- EXTRACTED RECORDS
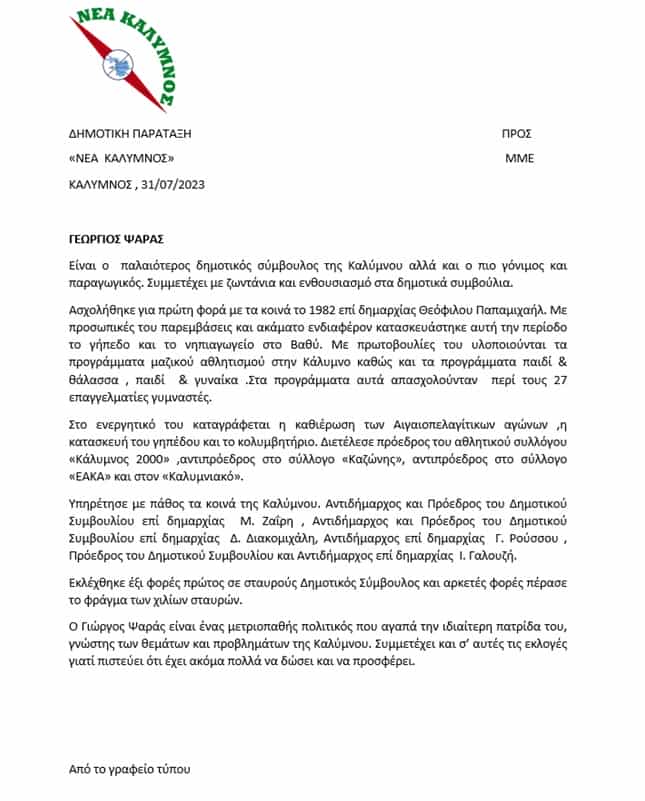 Ο Γιώργος Ψαράς συνεχίζει στο πλευρό του Γιάννη Γαλουζή και θα συμμετέχει στο ψηφοδέλτιο της Παράταξης “ΝΕΑ ΚΑΛΥΜΝΟΣ” στις εκλογές της 8ης Οκτωβρίου 2023.
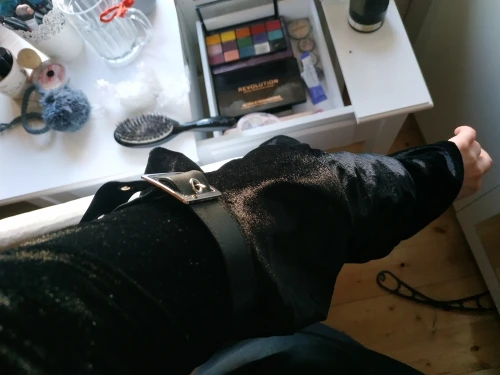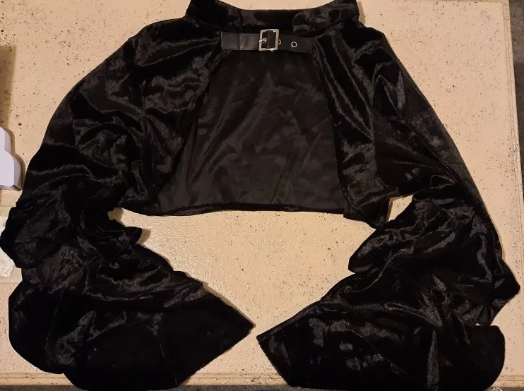 Я думал, что материал из сатина, но это бархат, хотя он все еще приятный. Тонкий материал, безусловно, не подходит для зимы, если вы носите несколько слоев. Я сняла ремни на руках, потому что они были слишком большими и потерялись, и просто выглядела глупой. Вы можете пробить новые отверстия и изменить ремешки, чтобы сделать их подходящими, но их было легче удалить.
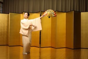 京鹿子娘道成寺は能の道成寺を基にしたものですので、その名残として中啓を使って踊る部分が残されています。
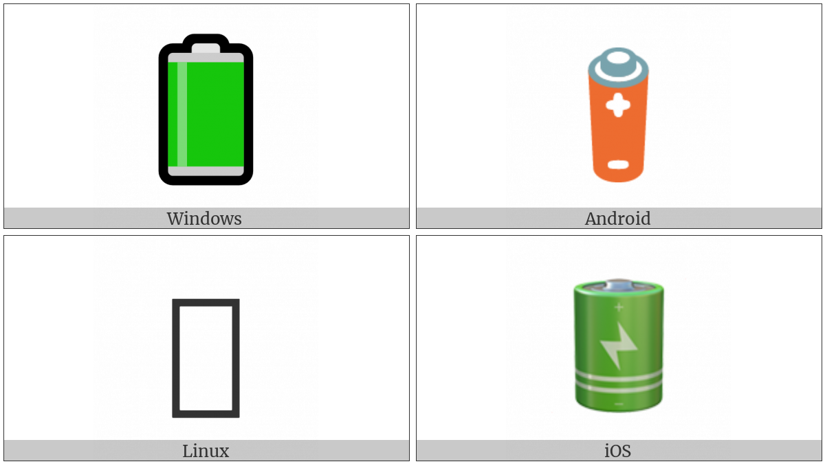 The image below shows how the “Battery” symbol might look like on different operating systems. If the font in which this web site is displayed does not contain the symbol and there is no fallback font able to render it, you can use the image below to get an idea of what it should look like.
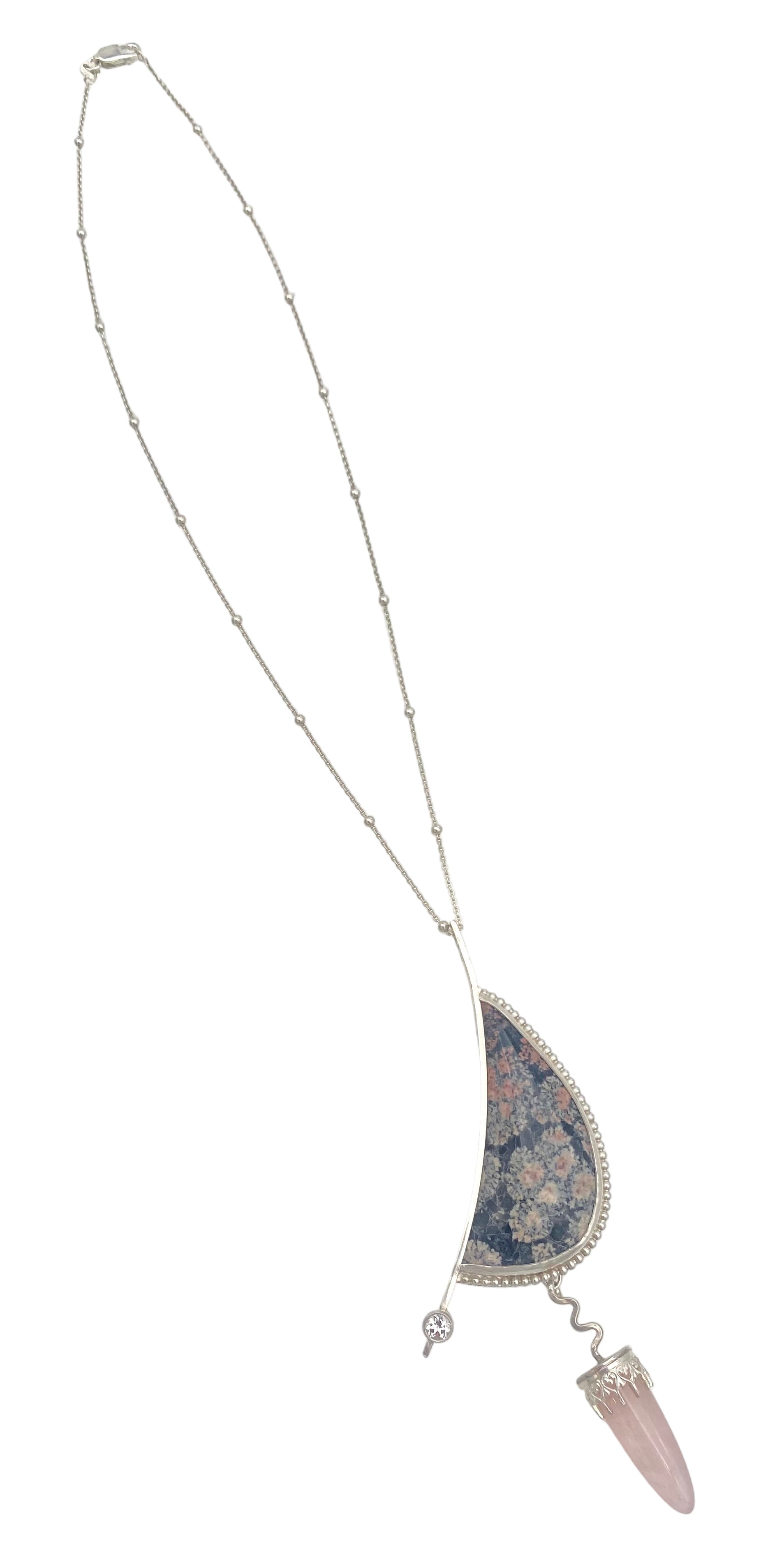 Snowflake Obsidian, Rose Quartz, Simulated Diamond in Sterling Necklace

- TASK DESCRIPTION
Repeat the exact lines from the first line of the data through the line containing "Я думал, что". Nothing else, no pictures.

- WRITTEN SOLUTION
 Ο Γιώργος Ψαράς συνεχίζει στο πλευρό του Γιάννη Γαλουζή και θα συμμετέχει στο ψηφοδέλτιο της Παράταξης “ΝΕΑ ΚΑΛΥΜΝΟΣ” στις εκλογές της 8ης Οκτωβρίου 2023.
 Я думал, что материал из сатина, но это бархат, хотя он все еще приятный. Тонкий материал, безусловно, не подходит для зимы, если вы носите несколько слоев. Я сняла ремни на руках, потому что они были слишком большими и потерялись, и просто выглядела глупой. Вы можете пробить новые отверстия и изменить ремешки, чтобы сделать их подходящими, но их было легче удалить.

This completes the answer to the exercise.